UPDATE: Mary Wetter and Mike Potter Move on After Minnesota Primary

Wetter will advance to the November election from Wright County District 4. Albertville's Mike Potter earned second, and will square off with her Nov. 8.

UPDATE (2 p.m. Weds., Aug. 15) Wright County has confirmed there were NO ballots cast in Hanover Precinct No. 3, so the results stand as listed below. 

Mike Potter of Albertville will square off with Mary Wetter of Rockford for the District 4 seat. 


UPDATE (9:03 a.m. Weds., Aug. 15): The Secretary of State has update its site to reflect the correct St. Michael Precinct 1B results. 

With five of six precincts reporting (Hanover P-3 still shows up as straight zeroes), here's the unofficial count for Wright County District 4: 

Mary Wetter - 229

Mike Potter - 199

David Dayon -184

Michael Beyer - 147

Matt Walker - 137

St.

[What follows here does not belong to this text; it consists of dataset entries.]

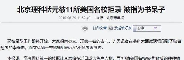 北京青年报2010年6月29日发布:北京理科状元被11所美国名校拒录 被指为书呆子
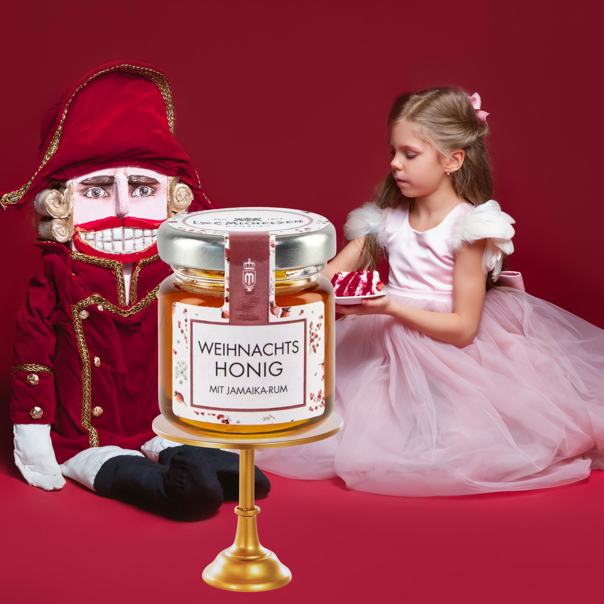 - Vier exquisite Honigzubereitungen: Honig&Rum, Honig&Zimt, Honig&Marzipan und Honig&Ingwer.
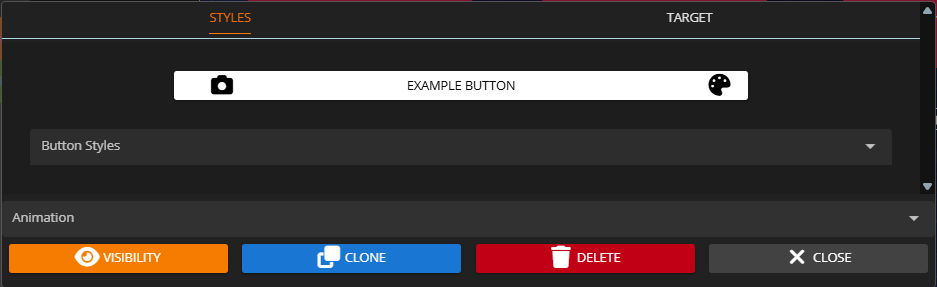 You can customize by clicking on it. The styling of a button is set in the `Styles` tab, the target link a button leads to is set in the `Target` tab.
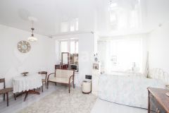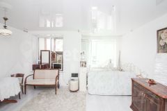 Квартира выполнена в светлых тонах, что создает атмосферу легкости и простора. Элегантный натяжной глянцевый потолок и стильный светло-серый ламинат придают помещению современный вид. В ванной комнате вас ждет керамо-гранит, акриловая ванна и современная инсталяция — всё для вашего удобства и комфорта.
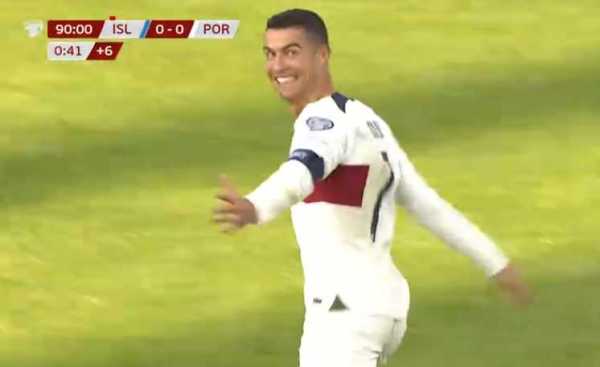 第43分钟,坎塞洛左路起球传中,C罗门前一米头球攻门,被门将鲁纳尔松神奇化解。
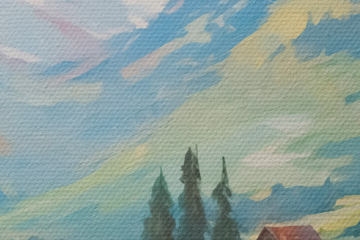 Lakování vytváří na plátně další ochrannou vrstvu. Obraz bude odolnější vůči drobným poškozením a k osvěžení nalakovaného obrazu jej můžete otřít měkkým, mírně navlhčeným hadříkem.
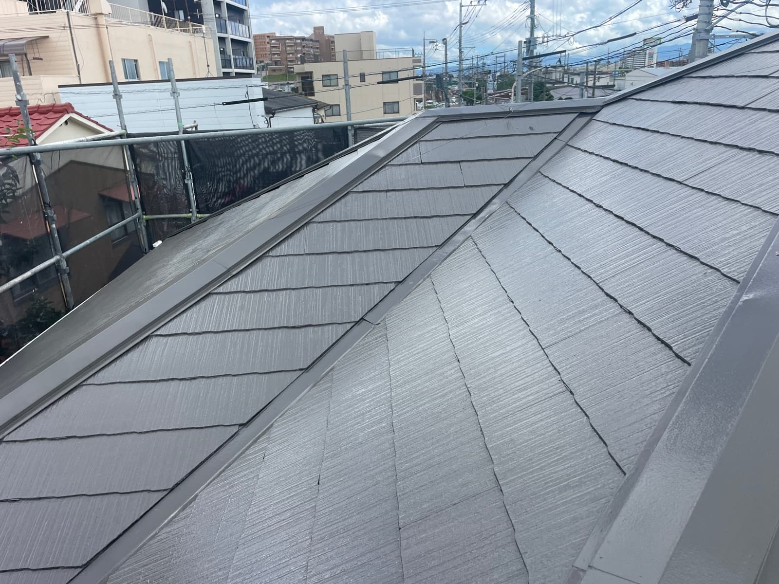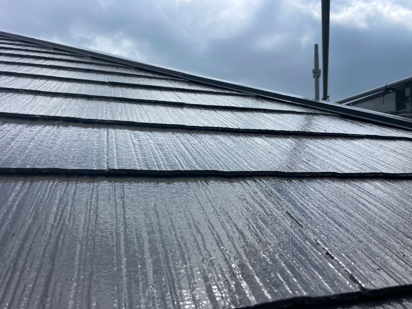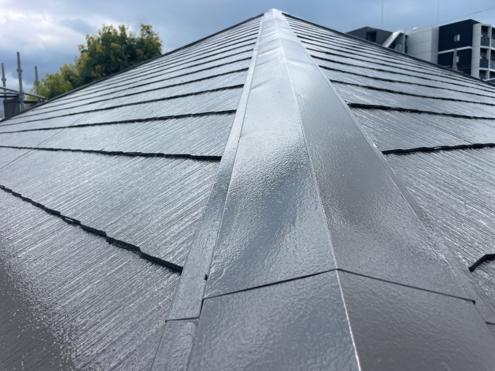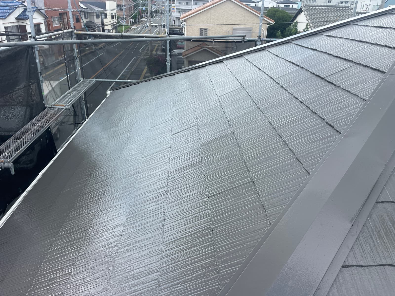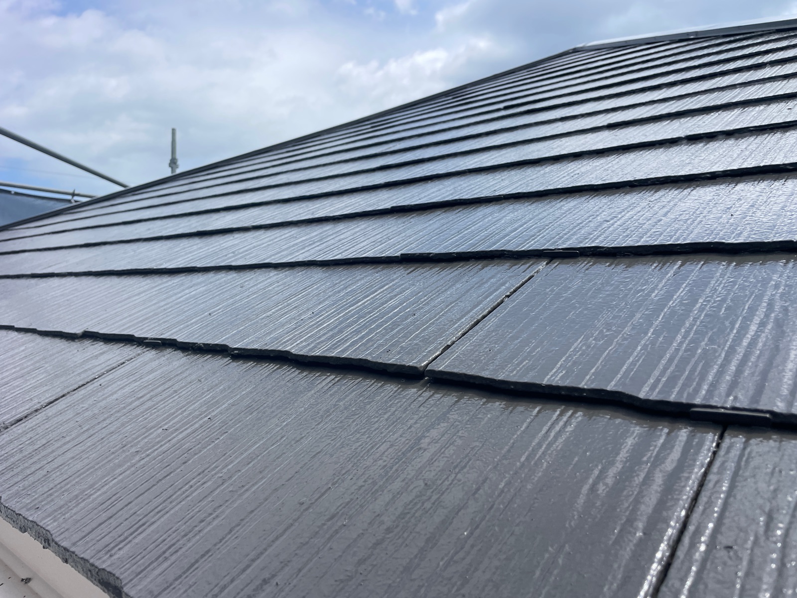 本日は屋根塗装上塗り2回目、付帯部塗装をさせて頂いております。
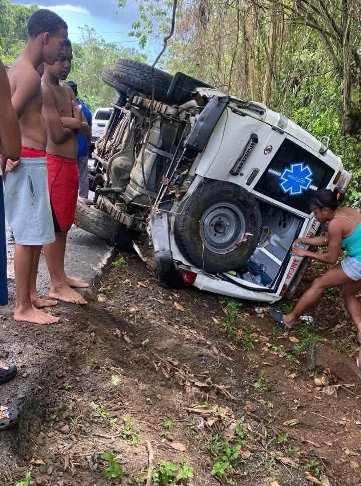 Como resultado los cinco ocupantes de la ambulancia resultaron heridos y asistidos por dos unidades de emergencia en una condición de salud delicada.

Michael Patch will post final results when available.  


Unofficial results show that soil and water supervisor Mary Wetter of Wright County will be successful in her attempt to get to the November election for the county commission, getting the most votes in the District 4 primary. 

Who her opponent will be remains a mystery, as a Tuesday night had incorrect numbers from St. Michael Precinct 1A, and no results from a small precinct in Hanover.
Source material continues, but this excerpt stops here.